Please write out each entry below exactly as given.

--

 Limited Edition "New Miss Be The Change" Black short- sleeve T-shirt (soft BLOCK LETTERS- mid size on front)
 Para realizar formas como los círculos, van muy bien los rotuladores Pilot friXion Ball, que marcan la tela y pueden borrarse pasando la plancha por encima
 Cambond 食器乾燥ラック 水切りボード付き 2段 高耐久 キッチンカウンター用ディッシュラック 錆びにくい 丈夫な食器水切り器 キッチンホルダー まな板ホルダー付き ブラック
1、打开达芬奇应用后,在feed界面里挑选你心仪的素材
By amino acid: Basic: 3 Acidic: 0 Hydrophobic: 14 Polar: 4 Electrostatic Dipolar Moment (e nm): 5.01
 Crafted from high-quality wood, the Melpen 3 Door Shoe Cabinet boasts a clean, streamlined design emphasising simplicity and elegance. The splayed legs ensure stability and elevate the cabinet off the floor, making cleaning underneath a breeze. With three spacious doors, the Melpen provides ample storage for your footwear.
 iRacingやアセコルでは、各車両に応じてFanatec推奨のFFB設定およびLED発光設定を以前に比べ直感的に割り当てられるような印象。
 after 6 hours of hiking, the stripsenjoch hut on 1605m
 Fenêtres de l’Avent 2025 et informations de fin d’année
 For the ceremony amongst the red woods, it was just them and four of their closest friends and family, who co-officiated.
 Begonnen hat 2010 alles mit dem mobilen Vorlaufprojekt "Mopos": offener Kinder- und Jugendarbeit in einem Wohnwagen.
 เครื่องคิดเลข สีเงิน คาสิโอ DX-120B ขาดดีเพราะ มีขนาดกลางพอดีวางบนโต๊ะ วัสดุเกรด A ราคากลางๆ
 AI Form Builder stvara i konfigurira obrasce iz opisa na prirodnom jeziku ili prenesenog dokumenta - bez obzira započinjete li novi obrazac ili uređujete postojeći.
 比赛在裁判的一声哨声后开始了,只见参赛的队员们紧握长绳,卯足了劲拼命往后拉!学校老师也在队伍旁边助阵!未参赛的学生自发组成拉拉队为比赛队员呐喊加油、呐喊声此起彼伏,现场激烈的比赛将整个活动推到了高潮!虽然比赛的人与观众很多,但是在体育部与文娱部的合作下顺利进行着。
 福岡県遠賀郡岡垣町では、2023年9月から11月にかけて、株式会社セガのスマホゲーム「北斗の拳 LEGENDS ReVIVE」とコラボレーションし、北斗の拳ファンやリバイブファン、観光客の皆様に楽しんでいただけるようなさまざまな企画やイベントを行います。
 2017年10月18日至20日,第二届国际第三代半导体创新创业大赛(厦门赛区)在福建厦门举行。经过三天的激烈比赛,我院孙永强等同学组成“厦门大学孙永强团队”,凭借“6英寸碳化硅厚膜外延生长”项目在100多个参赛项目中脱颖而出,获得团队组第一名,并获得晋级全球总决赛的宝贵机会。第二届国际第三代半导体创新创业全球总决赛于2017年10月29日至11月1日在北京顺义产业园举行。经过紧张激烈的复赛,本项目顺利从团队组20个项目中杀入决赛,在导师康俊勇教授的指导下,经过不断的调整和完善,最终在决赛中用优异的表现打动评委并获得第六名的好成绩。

--

Output of the exercise
 Limited Edition "New Miss Be The Change" Black short- sleeve T-shirt (soft BLOCK LETTERS- mid size on front)
 Para realizar formas como los círculos, van muy bien los rotuladores Pilot friXion Ball, que marcan la tela y pueden borrarse pasando la plancha por encima
 Cambond 食器乾燥ラック 水切りボード付き 2段 高耐久 キッチンカウンター用ディッシュラック 錆びにくい 丈夫な食器水切り器 キッチンホルダー まな板ホルダー付き ブラック
1、打开达芬奇应用后,在feed界面里挑选你心仪的素材
By amino acid: Basic: 3 Acidic: 0 Hydrophobic: 14 Polar: 4 Electrostatic Dipolar Moment (e nm): 5.01
 Crafted from high-quality wood, the Melpen 3 Door Shoe Cabinet boasts a clean, streamlined design emphasising simplicity and elegance. The splayed legs ensure stability and elevate the cabinet off the floor, making cleaning underneath a breeze. With three spacious doors, the Melpen provides ample storage for your footwear.
 iRacingやアセコルでは、各車両に応じてFanatec推奨のFFB設定およびLED発光設定を以前に比べ直感的に割り当てられるような印象。
 after 6 hours of hiking, the stripsenjoch hut on 1605m
 Fenêtres de l’Avent 2025 et informations de fin d’année
 For the ceremony amongst the red woods, it was just them and four of their closest friends and family, who co-officiated.
 Begonnen hat 2010 alles mit dem mobilen Vorlaufprojekt "Mopos": offener Kinder- und Jugendarbeit in einem Wohnwagen.
 เครื่องคิดเลข สีเงิน คาสิโอ DX-120B ขาดดีเพราะ มีขนาดกลางพอดีวางบนโต๊ะ วัสดุเกรด A ราคากลางๆ
 AI Form Builder stvara i konfigurira obrasce iz opisa na prirodnom jeziku ili prenesenog dokumenta - bez obzira započinjete li novi obrazac ili uređujete postojeći.
 比赛在裁判的一声哨声后开始了,只见参赛的队员们紧握长绳,卯足了劲拼命往后拉!学校老师也在队伍旁边助阵!未参赛的学生自发组成拉拉队为比赛队员呐喊加油、呐喊声此起彼伏,现场激烈的比赛将整个活动推到了高潮!虽然比赛的人与观众很多,但是在体育部与文娱部的合作下顺利进行着。
 福岡県遠賀郡岡垣町では、2023年9月から11月にかけて、株式会社セガのスマホゲーム「北斗の拳 LEGENDS ReVIVE」とコラボレーションし、北斗の拳ファンやリバイブファン、観光客の皆様に楽しんでいただけるようなさまざまな企画やイベントを行います。
 2017年10月18日至20日,第二届国际第三代半导体创新创业大赛(厦门赛区)在福建厦门举行。经过三天的激烈比赛,我院孙永强等同学组成“厦门大学孙永强团队”,凭借“6英寸碳化硅厚膜外延生长”项目在100多个参赛项目中脱颖而出,获得团队组第一名,并获得晋级全球总决赛的宝贵机会。第二届国际第三代半导体创新创业全球总决赛于2017年10月29日至11月1日在北京顺义产业园举行。经过紧张激烈的复赛,本项目顺利从团队组20个项目中杀入决赛,在导师康俊勇教授的指导下,经过不断的调整和完善,最终在决赛中用优异的表现打动评委并获得第六名的好成绩。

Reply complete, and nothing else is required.